To describe the perspective of members of the Pulmonary Pathology Society (PPS) on the workup of lung allograft transbronchial biopsy and the diagnosis of acute cellular rejection and AMR in lung transplant.
Reports by the International Society for Heart and Lung Transplantation (ISHLT), experience of members of PPS who routinely review lung allograft biopsies, and search of literature database (PubMed).
Acute cellular rejection should be assessed and graded according to the 2007 working formulation of the ISHLT. As currently no specific features are known for AMR in lung allografts, the triple test (clinical allograft dysfunction, donor-specific antibodies, pathologic findings) should be used for its diagnosis. C4d staining might be performed when morphologic, clinical, and/or serologic features suggestive of AMR are identified.
Allograft rejection is a serious complication in lung transplant because of potential acute graft dysfunction or failure and/or subsequent complications that can lead to chronic graft failure. According to the latest report from the International Society for Heart and Lung Transplantation (ISHLT), 29% of adult patients have at least 1 episode of treated acute rejection between discharge from the hospital and 1-year follow-up after transplant.1 Furthermore, 3.6% and 1.8% of deaths among adult lung transplant recipients within the first 30 days or between 30 days and 1 year post transplant are attributed to “acute rejection,” respectively.1 In addition, the frequency and severity of “acute rejection” episodes are thought to represent the major risk factor for subsequent development of chronic airways rejection/bronchiolitis obliterans syndrome (BOS).2–5
Allograft rejection can be cell mediated or antibody mediated. Cell-mediated rejection is much more common. It is mediated by T lymphocytes that recognize foreign human leukocyte antigens (HLAs) or other antigens.2,6 In contrast, antibody-mediated (or humoral) rejection (AMR) occurs owing to binding of preformed or de novo recipient antibodies directed against antigens that are expressed on the donor organ cells. Acute cell-mediated rejection (ACR) and AMR can occur within days, months, or even years after transplant.

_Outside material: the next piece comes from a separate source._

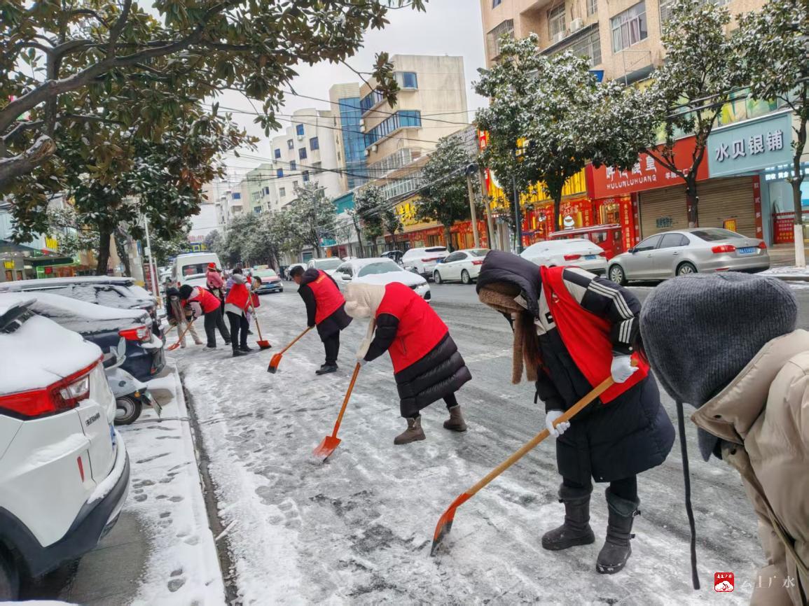 1月20日,应山街道胜利街社区在降雪后迅速组织工作人员、党员、居民志愿者,集中清扫社区主要人行道路、单元门口、坡道等位置的积雪,保障居民安全出行。

The clinical recognition of ACR and AMR can be difficult as the course might be variable, with some patients being asymptomatic or presenting with symptoms that overlap with other complications and diseases in this patient population. These symptoms might include dyspnea, fever, leukocytosis, and a widened alveolar-arterial oxygen gradient.7 Although ancillary studies together with the clinical presentation of the patient sometimes suggest the presence of ACR or AMR, none of these findings are specific. Therefore, tissue diagnosis is necessary to support a diagnosis of allograft rejection. Transbronchial biopsy to obtain lung tissue is currently the gold standard to assess patients for lung allograft rejection and to distinguish rejection from its clinical mimics such as aspiration, infection, drug toxicity, and recurrent disease. Occasionally, wedge biopsies, explanted lungs (if a patient undergoes retransplant), or autopsy specimens also become available to the pathologist. Recently, the transbronchial cryobiopsy technique became available to obtain lung tissue. Cryobiopsies are reported to yield significantly larger specimens with more alveoli, bronchioles, veins, and venules, and less procedure-related artifact when compared to traditional forceps transbronchial biopsies (Figure 1, A and B).8–10 Concern over higher complication rates in patients undergoing cryobiopsy and limited experience with cryobiopsy in the transplant setting have prevented widespread adoption of the technique in the routine workup of lung allograft recipients. However, a recent study8 did not show a significant difference in complications between cryobiopsies and transbronchial biopsies in the lung allograft setting.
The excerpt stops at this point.